/ 5 August 2003

Thirteen dead, many injured in bombing of Jakarta hotel

A car bomb ripped through the American-owned JW Marriott hotel in the business district of Jakarta on Tuesday, killing at least 10 people and leaving more than 70 injured, police said.

The mid-afternoon blast tore apart a restaurant and part of the lobby of the five-star hotel in the Auningang district of the Indonesian capital which is home to many foreign embassies and businesses.

Indonesian Defence Minister Matori Abdul Jalil condemned the blast as a ”terrorist attack”, but said it was too early to point the finger at the Jemaah Islamiyah group blamed for last year’s carnage in Bali and other bombings.

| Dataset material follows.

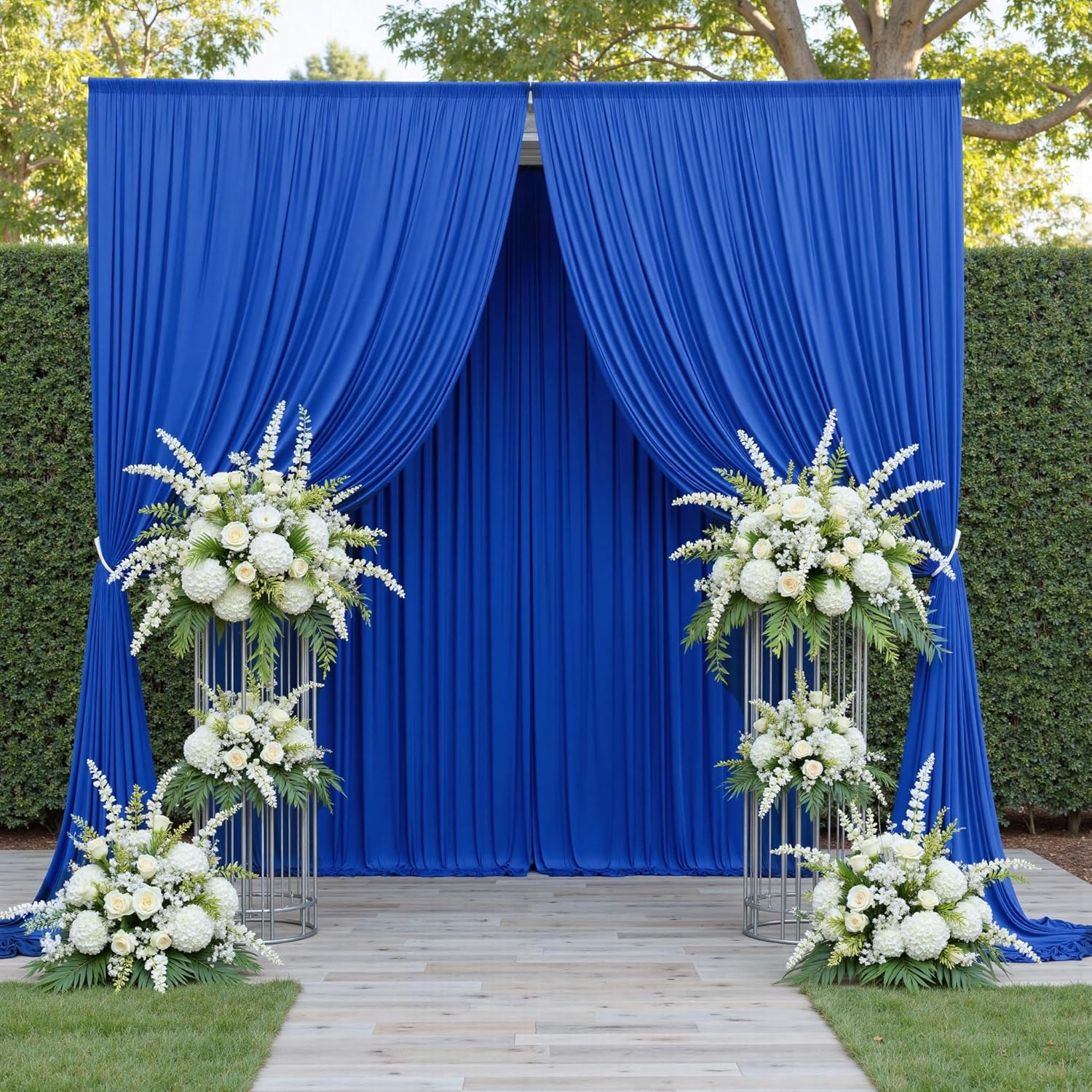 - 10ft Fabric Drape royal blue Backdrop Curtain Wide Compatibility: Polyester photo drape blue backdrop curtain can be used for parties, baby shower, wedding, birthday party, photography, bridal shower, gender reveal, zoom, princess party, engagement party, baptism, candy buffets, dessert table, sweet table, background, photo booths, photoshoot, ceremony, anniversary, graduation, home decorations, holiday party, stage curtain or just to mask unsightly areas

Police said 10 people had been confirmed dead and 74 others injured in the explosion, which left the facade of the 33-storey building spewing thick black smoke. Witnesses said at least three of the fatalities were foreigners.

”The blast was caused by a car bomb,” National Police Detective Chief Erwin Mappaseng said at the scene, as firefighters battled with flames leaping from several vehicles in front of the hotel.

National Police Chief General Da’Bachtiar said the bomb was in a locally-made ”Kijang” van, but that despite the presence of body parts near the van wreckage it was not yet known if it was a suicide attack.

Blood and pieces of skin stained the ground after the explosion sparked an intense fire inside the structure. A large hole was visible immediately in front of the plaza.

The blast comes just two days before a court is due to hand down the first verdict in the trials of alleged Jemaah Islamiyah militants accused of the Bali attack on October 12 last year which left 202 dead, mostly foreign tourists.

Share prices on the Jakarta stock exchange plunged more than three percent after the explosion at the hotel, which staged the US embassy’s July 4 celebrations this year and was a popular venue for the American community.

The badly-burned bodies of two people lay on the driveway in front of the office building next to the Marriott waiting for an ambulance to carry them away, an AFP reporter at the scene said.

Witnesses described a huge bang followed by chaotic scenes.

”One of my windows was shattered by the force and I live on the 30th floor. We took the staircase to descend,” said Madina Sar-Diarra, who lives in an apartment on top of the hotel.

”It was a panic and once downstairs, I saw several injured people, especially cooks of the restaurant, covered in blood.”

Window panels in the hotel and next door Rajali Tower were shattered for several floors. Flames could be seen burning from the ground floor of the hotel and from at least eight cars in front of the hotel lobby.

He said foreigners were among eight people he saw who were seriously wounded and brought to waiting ambulances.

The area was closed to the public as crowds gathered at the scene, while the hotel’s main telephone went unanswered.

A police radio held by one officer at the scene was overheard broadcasting a message that there were three blasts. The first explosion was at the Mutiara Plaza, the shopping mall next to the hotel, it said.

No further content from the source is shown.